DATA FOR THE TASK Block Start
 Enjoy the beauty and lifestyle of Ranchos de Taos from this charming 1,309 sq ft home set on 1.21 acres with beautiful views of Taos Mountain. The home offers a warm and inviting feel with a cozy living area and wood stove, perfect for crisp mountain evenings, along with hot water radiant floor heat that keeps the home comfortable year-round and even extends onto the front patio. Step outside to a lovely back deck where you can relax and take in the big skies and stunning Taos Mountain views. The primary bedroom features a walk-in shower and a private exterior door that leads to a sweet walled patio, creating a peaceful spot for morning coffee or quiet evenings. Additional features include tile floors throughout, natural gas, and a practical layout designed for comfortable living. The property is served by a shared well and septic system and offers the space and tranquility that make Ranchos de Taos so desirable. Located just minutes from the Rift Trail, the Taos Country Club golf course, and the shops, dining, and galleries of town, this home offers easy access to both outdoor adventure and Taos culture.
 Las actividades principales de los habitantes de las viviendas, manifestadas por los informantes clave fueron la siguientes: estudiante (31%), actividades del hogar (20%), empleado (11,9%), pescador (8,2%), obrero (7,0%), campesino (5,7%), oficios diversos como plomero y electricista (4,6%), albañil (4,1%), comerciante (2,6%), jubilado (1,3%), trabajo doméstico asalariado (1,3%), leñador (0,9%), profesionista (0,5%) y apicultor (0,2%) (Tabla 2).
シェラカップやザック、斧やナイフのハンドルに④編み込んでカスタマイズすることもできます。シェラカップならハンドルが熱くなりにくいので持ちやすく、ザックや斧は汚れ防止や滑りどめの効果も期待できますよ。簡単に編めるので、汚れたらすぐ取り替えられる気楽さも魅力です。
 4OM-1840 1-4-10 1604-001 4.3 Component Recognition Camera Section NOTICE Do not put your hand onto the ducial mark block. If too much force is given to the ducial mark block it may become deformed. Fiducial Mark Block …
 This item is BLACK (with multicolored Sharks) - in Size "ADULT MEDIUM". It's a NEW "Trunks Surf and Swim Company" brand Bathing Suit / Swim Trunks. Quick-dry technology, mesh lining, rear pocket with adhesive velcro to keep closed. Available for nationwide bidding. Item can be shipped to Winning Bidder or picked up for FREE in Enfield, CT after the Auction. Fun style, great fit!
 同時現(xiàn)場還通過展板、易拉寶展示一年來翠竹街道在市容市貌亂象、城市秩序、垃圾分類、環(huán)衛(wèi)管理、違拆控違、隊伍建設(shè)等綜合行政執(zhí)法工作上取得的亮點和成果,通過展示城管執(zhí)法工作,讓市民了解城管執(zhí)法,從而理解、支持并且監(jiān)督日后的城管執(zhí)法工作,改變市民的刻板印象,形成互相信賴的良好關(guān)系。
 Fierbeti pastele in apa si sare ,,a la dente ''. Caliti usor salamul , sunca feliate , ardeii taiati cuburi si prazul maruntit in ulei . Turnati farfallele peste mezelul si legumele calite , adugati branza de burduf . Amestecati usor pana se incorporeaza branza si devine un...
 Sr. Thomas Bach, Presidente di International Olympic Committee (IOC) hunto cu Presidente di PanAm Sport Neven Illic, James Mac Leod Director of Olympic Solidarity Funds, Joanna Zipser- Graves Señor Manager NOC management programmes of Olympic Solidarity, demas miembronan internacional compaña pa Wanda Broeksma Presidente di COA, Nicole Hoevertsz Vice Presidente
DATA FOR THE TASK Block End
WHAT THE TASK REQUIRES: Above are the records; copy exactly the lines from the line with "同時現(xiàn)場還通過展" through the line with "Fierbeti pastele in", both included.

WRITTEN RESPONSE:
 同時現(xiàn)場還通過展板、易拉寶展示一年來翠竹街道在市容市貌亂象、城市秩序、垃圾分類、環(huán)衛(wèi)管理、違拆控違、隊伍建設(shè)等綜合行政執(zhí)法工作上取得的亮點和成果,通過展示城管執(zhí)法工作,讓市民了解城管執(zhí)法,從而理解、支持并且監(jiān)督日后的城管執(zhí)法工作,改變市民的刻板印象,形成互相信賴的良好關(guān)系。
 Fierbeti pastele in apa si sare ,,a la dente ''. Caliti usor salamul , sunca feliate , ardeii taiati cuburi si prazul maruntit in ulei . Turnati farfallele peste mezelul si legumele calite , adugati branza de burduf . Amestecati usor pana se incorporeaza branza si devine un...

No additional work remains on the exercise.